Microsoft Windows MDAC ActiveX Vulnerability - CVE-2006-5559:
A remote code execution vulnerability exists in the ADODB.Connection ActiveX control that is provided as part of the ActiveX Data Objects (ADO) and that is distributed in MDAC. An attacker who successfully exploited this vulnerability could take complete control of an affected system.

Microsoft Security Bulletin MS07-010
Vulnerability in Microsoft Malware Protection Engine Could Allow Remote Code Execution (932135)
This update resolves a vulnerability in the Microsoft Malware Protection Engine that could allow remote code execution.

Microsoft Malware Protection Engine Vulnerability - CVE-2006-5270:
A remote code execution vulnerability exists in the Microsoft Malware Protection Engine because of the way that it parses Portable Document Format (PDF) files.

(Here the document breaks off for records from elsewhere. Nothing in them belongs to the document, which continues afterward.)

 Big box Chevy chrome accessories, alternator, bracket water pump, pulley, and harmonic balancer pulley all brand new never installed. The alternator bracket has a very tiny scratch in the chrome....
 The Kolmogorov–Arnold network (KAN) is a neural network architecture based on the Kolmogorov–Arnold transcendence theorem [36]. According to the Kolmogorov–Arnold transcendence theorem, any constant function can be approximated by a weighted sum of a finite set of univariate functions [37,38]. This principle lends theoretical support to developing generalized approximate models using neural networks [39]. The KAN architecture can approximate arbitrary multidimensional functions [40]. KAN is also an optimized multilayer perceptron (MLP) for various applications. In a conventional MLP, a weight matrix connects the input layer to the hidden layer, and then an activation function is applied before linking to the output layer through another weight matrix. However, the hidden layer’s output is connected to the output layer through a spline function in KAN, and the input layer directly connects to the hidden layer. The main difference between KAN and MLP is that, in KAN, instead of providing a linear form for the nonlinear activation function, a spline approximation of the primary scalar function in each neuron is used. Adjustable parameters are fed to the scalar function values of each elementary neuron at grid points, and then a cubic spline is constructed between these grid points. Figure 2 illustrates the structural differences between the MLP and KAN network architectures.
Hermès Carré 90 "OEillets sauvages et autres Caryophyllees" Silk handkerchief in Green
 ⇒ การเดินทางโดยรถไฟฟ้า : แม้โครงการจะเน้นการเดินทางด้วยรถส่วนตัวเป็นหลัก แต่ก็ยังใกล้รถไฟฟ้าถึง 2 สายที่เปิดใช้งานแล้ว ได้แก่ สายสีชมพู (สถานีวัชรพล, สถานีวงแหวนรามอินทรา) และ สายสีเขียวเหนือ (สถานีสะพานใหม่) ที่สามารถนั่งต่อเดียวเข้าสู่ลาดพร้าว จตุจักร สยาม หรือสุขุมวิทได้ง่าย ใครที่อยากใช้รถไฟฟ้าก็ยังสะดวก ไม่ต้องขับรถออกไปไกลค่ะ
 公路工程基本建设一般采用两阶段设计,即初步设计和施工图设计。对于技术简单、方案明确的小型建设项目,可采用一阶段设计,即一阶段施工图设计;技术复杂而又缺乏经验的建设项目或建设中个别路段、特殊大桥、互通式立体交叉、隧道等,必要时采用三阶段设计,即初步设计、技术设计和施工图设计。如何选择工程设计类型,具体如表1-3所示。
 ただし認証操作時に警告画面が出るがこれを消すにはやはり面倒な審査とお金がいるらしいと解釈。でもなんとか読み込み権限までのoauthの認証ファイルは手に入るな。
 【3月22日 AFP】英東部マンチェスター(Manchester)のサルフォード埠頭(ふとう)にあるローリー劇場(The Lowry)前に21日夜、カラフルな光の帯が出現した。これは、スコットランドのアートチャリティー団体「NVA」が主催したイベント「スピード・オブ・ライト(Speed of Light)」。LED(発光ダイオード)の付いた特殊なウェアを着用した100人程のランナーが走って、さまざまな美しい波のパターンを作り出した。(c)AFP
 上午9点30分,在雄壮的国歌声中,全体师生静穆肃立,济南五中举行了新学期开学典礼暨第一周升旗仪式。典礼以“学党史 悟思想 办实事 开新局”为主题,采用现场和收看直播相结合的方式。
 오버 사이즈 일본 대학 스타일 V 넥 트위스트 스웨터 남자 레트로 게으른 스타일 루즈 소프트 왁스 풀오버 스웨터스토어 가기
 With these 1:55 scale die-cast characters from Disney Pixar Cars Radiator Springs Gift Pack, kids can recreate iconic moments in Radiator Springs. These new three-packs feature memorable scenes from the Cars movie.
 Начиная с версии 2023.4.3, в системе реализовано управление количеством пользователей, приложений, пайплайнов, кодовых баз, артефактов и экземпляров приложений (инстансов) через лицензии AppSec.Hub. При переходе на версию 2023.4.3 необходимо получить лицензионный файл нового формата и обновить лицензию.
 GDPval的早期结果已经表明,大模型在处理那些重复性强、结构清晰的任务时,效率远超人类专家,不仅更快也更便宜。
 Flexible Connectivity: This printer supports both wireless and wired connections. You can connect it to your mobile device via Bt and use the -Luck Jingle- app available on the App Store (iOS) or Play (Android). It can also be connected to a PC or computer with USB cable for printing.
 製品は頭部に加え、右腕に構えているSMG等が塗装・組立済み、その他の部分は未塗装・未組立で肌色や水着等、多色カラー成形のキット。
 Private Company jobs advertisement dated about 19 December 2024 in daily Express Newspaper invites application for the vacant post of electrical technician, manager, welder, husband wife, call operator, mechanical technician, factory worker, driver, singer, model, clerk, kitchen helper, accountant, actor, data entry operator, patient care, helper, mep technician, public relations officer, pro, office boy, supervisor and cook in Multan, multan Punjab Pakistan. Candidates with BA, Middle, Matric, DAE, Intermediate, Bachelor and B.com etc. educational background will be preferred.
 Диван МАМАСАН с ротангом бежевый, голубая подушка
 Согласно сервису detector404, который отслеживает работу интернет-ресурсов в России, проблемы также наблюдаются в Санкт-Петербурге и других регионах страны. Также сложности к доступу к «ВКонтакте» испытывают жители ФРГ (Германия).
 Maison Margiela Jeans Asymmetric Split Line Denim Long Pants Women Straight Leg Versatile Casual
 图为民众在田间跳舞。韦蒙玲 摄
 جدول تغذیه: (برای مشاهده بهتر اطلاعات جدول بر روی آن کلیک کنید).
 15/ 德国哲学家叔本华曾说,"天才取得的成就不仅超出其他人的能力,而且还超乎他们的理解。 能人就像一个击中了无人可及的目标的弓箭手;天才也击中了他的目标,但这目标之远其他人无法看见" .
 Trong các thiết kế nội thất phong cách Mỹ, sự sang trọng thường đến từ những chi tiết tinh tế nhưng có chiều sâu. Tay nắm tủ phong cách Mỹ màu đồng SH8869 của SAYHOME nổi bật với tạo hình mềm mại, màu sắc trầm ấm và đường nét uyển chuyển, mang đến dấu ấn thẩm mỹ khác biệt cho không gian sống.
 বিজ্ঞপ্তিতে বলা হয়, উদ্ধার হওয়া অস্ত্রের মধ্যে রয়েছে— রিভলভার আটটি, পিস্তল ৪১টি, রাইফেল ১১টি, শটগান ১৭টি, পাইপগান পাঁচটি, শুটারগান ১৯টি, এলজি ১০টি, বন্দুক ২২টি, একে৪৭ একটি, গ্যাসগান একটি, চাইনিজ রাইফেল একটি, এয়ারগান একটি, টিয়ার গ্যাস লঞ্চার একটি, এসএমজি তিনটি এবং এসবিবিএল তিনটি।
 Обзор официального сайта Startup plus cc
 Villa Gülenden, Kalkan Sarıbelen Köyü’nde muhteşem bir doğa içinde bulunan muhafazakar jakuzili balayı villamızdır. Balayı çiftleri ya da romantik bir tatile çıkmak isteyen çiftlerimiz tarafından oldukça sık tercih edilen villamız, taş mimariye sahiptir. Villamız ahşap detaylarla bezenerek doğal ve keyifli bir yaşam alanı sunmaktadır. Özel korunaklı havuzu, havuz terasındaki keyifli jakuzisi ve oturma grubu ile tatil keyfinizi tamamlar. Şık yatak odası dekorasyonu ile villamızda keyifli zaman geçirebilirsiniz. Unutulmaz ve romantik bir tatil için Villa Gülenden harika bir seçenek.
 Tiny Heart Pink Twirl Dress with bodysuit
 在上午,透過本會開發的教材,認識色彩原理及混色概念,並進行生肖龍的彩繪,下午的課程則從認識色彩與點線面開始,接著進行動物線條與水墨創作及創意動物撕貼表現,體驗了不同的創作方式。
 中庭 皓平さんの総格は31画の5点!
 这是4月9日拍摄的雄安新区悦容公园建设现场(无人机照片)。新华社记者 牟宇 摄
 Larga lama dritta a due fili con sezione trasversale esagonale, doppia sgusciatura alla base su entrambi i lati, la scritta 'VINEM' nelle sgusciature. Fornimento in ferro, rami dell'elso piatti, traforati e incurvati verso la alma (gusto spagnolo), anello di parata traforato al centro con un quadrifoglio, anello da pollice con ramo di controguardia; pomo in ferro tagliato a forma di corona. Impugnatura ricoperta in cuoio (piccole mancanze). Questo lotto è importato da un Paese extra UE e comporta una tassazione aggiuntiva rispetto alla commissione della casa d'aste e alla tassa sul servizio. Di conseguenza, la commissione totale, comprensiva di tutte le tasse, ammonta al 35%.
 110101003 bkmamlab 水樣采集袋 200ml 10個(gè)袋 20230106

An attacker could exploit the vulnerability by constructing a specially crafted PDF File that could potentially allow remote code execution when the target computer system receives, and the Microsoft Malware Protection Engine scans, the PDF file.

Microsoft Security Bulletin MS07-014
Vulnerabilities in Microsoft Word Could Allow Remote Code Execution (929434)
This update resolves vulnerabilities in Microsoft Word that could allow remote code execution.

Word Malformed String Vulnerability - CVE-2006-5994:
A remote code execution vulnerability exists in the way Microsoft Word handles Word files with a specially crafted string. Such a specially crafted file might be included as an e-mail attachment or hosted on a malicious Web site. An attacker could exploit the vulnerability by constructing a specially crafted Word file that could allow remote code execution.

Word Malformed Data Structures Vulnerability - CVE-2006-6456:
A remote code execution vulnerability exists in the way Microsoft Word handles Word files with a specially crafted data structure. Such a specially crafted file might be included as an e-mail attachment or hosted on a malicious Web site. An attacker could exploit the vulnerability by constructing a specially crafted Word file that could allow remote code execution. Viewing or previewing a malformed e-mail message in an affected version of Outlook could not lead to exploitation of this vulnerability.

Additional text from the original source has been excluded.